Congrats!!  Mama looks happy!


----------



## cubbysan (Mar 13, 2007)

Congratulations!


----------



## GoldenMum (Mar 15, 2010)

Love, love, love the baby bugs!!!


----------



## NewfieMom (Sep 8, 2013)

Hearty congratulations! What a beautiful family! Bug looks positively rested compared to some of the more recent mamas who have been pictured right after giving birth to 13 or so. It makes one think that giving birth to six would be a *breeze*!!!

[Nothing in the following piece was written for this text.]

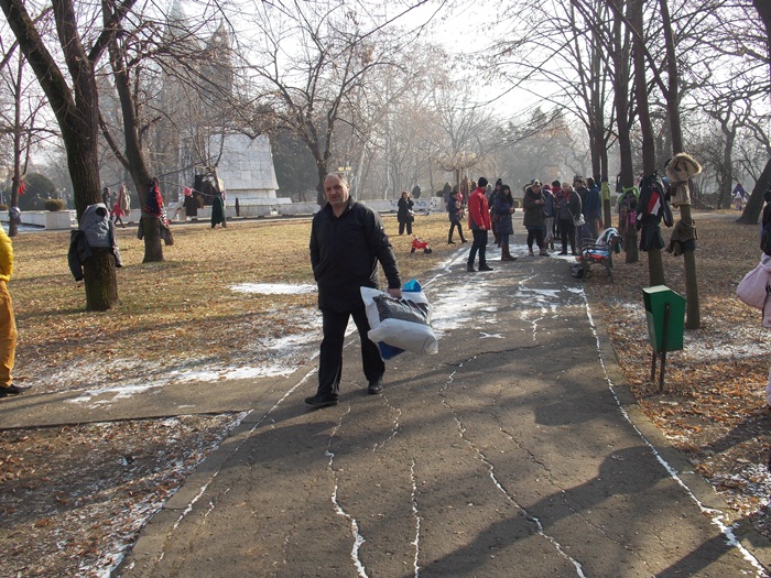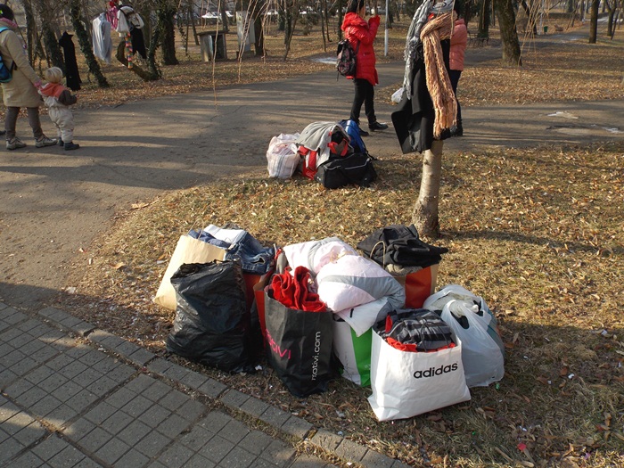 TIMISOARA. Vremea superba de la Timisoara i-a scos in Parcul Central pe multi timisoreni gata sa ii ajute pe cei nevoiasi. Cu genti, sacose sau saci, fiecare a adus ce haine nu mai foloseste pentru a le dona.

(Actually, I am very, very glad I did not have to be there to witness Bug's labor. I do not think I could have borne it! You are very brave as is she!)

NewfieMom :wavey:


----------



## Daisy123 (Jan 26, 2009)

Congrats! She is beautiful and looks like a proud mama!!!


----------



## hotel4dogs (Sep 29, 2008)

what adorable little buglets!


----------



## AmberSunrise (Apr 1, 2009)

Congratulations!! What a lovely pic of the happy Bugs and her pups!


----------



## KiwiD (Jan 14, 2008)

Momma Bug looks like she's smiling. What beautiful baby Bugs. Congrats!


----------



## tikiandme (May 16, 2010)

Congratulations!


----------



## mygoldengirl (Jan 10, 2014)

congrats to you and mother


----------



## OutWest (Oct 6, 2011)

She should be proud--beautiful baby bugs. Congratulations!


----------



## Bwilson (Mar 25, 2014)

Congratulations they are adorable and what a proud mama. Look forward to watching them grow.


----------



## mddolson (Jul 10, 2012)

Congratulations to you & especially to moma!
There is just something about seeing new born pups that makes you want to smile, & have a great day.
Thank you so much for sharing with us.

MikeD


----------



## Brinkleythegolden (Jun 18, 2012)

A www, how sweet!


----------



## Ljilly28 (Jan 22, 2008)

Congratulations!!! Baby bugs so exciting


----------



## Smarkle (Aug 7, 2015)

That new mama sure looks proud!!


----------



## MyMaggieGirl (Nov 12, 2008)

Baby Bugs, how sweet! Any more photos yet?!


----------



## Taylorsmum (Sep 30, 2014)

Beautiful - congratulations


----------



## Tahnee GR (Aug 26, 2006)

MyMaggieGirl said:


> Baby Bugs, how sweet! Any more photos yet?!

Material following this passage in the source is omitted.